Characteristics of AE reports about cephalosporins and all other systemic antibiotics (all other J01) were analyzed descriptively. These characteristics include patient demographics (sex and age), type of report, reporter, and seriousness of AE. The type of AE was analyzed at both PTs levels and SOC levels.

Disproportionality analysis, which compares the observed count for a study drug–AE combination with an expected count, is a primary tool to detect signals [31]. There were three main indices, PRR, ROR, and IC, used in this study. A two-by-two contingency table was used to calculate these indices (Table 5) [32,33]. The subtle differences in chemical structure and pharmacokinetics between cephalosporin antibiotics can affect AEs [16]. Therefore, disproportionality analysis was conducted on individual cephalosporin antibiotics.
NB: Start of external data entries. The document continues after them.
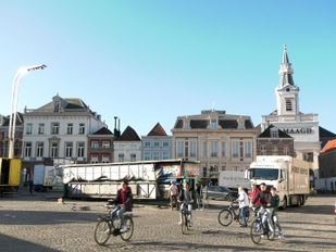 · Het is dinsdagochtend passen en meten met het plaatsen van grote kermisattracties in het centrum van Bergen op Zoom. Maar…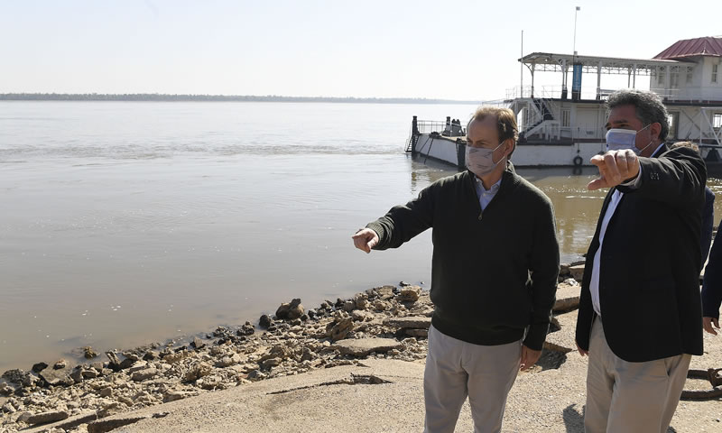 El gobernador Gustavo Bordet entregó aportes en Hernandarias para reacondicionar las barrancas ante los deslizamientos, y dijo que se monitorea la situación de las distintas zonas afectadas por la bajante del río Paraná.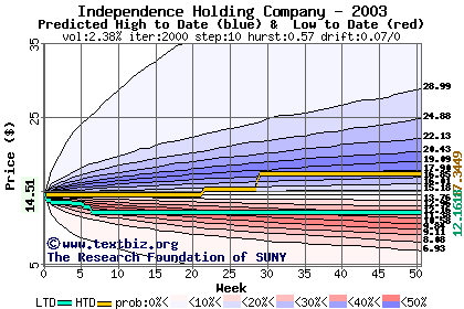 The high to date and low to date prices of the stock plotted against a random walk model for 2003 (what's this?).

Comparator was defined as all other J01. In this study, a drug–AE combination that met the criteria of all three indices was defined as a signal (Table 6). Among the signals, we focused on serious adverse events that were clinically meaningful.

Table 5

Two-by-two contingency table for disproportionality analysis.

Number of Cases	Each Cephalosporin	All Other J01
Specific adverse event	A	C
All other adverse events	B	D

Table 6

Disproportionality analysis and signal detection criteria.
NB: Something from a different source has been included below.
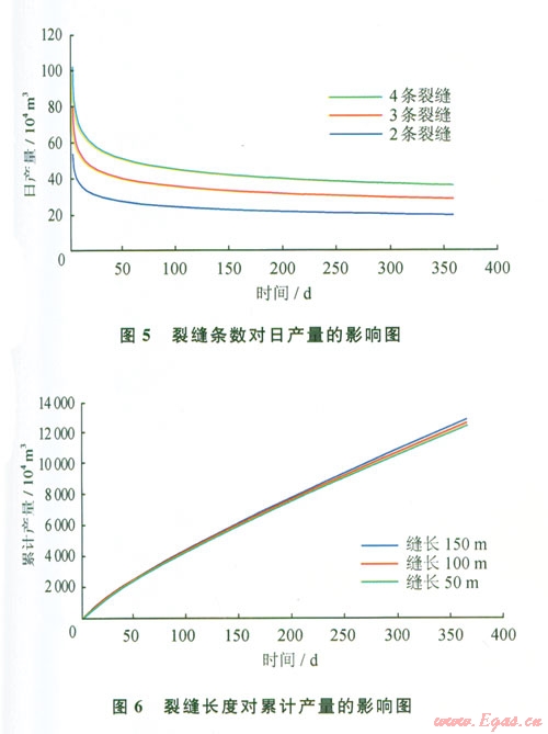 從圖56可以看出壓裂水平氣井的產(chǎn)量是隨著裂縫條數(shù)和裂縫長度的增加而增加,但是當(dāng)裂縫條數(shù)增加到一定大小時,壓裂井的產(chǎn)量增加并不明顯。因此并不是裂縫條數(shù)越多、裂縫長度越長,裂縫的產(chǎn)量就越高。因為當(dāng)裂縫的條數(shù)過多、裂縫長度過長時,裂縫間的相互干擾作用就會越嚴(yán)重。

Measures	Calculation	Criteria
PRR	(A / (A + B)) / (C / (C + D))	PRR ≥ 2, χ2 ≥ 4, A ≥ 3
ROR	(A / B) / (C / D)	ROR ≥ 2, χ2 ≥ 4, A ≥ 3
IC	Log2[A × (A + B + C + D) / ((A + B) × (A + C))]	Lower limit of 95% CI ≥ 0

CI, confidence interval; IC, information components; PRR, proportional reporting ratio; ROR, reporting odds ratio.

In addition, ROR was calculated for major SOCs to evaluate differences in AEs by cephalosporin generations: body as a whole, general disorders (WHO-ART: 1810); cardiovascular disorders, general (WHO-ART: 1010); central and peripheral nervous system disorders (WHO-ART: 0410); and respiratory system disorders (WHO-ART: 1100).
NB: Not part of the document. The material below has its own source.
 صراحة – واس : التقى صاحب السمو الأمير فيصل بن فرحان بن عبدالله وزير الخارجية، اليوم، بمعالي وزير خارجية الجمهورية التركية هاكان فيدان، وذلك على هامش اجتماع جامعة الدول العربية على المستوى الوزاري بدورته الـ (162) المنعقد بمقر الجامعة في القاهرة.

The signals were compared with ADRs listed on the drug labels from the United States (USA), United Kingdom (U.K.), Japan, and South Korea. A signal that is not currently included on the drug labels was defined as a new signal. The label for each cephalosporin antibiotic was found through searching websites that are operated by drug regulatory authorities: ‘https://www.accessdata.fda.gov/scripts/cder/daf/’ (accessed on 10 May 2020) for the USA Food and Drug Administration (FDA), ‘https://products.mhra.gov.uk/’ (accessed on 10 May 2020) for U.K. Medicines and Healthcare Products Regulatory Agency (MHRA), ‘https://www.pmda.go.jp/index.html’ (accessed on 10 May 2020) for Japan Pharmaceuticals and Medical Devices Agency (PMDA), and ‘https://nedrug.mfds.go.kr/searchDrug’ (accessed on 10 May 2020) for Korea Ministry of Food and Drug Safety (MFDS). Drug databases such as DailyMed (https://dailymed.nlm.nih.gov/dailymed/; accessed on 10 May 2020) and Drugs.com (https://www.drugs.com/; accessed on 10 May 2020) were also used.

All statistical analyses were performed using SAS® University Edition (SAS Institute, Cary, NC, USA) and Microsoft Excel 2019 (Microsoft, Redmond, WA, USA). A p-value less than 0.05 was considered statistically significant.

5. Conclusions

Detecting signals using a national pharmacovigilance database is useful for identifying unknown ADRs. Cephalosporins are relatively safe medications, but we identified some serious AEs that were not listed on drug labels. These AEs need to be monitored carefully in a clinical setting. This study identified signals of cephalosporins that warrant further investigation using other large databases, such as FDA Adverse Event Reporting System (FAERS). If causality with drugs is revealed, measures such as inclusion on drug labels or alerts will be needed.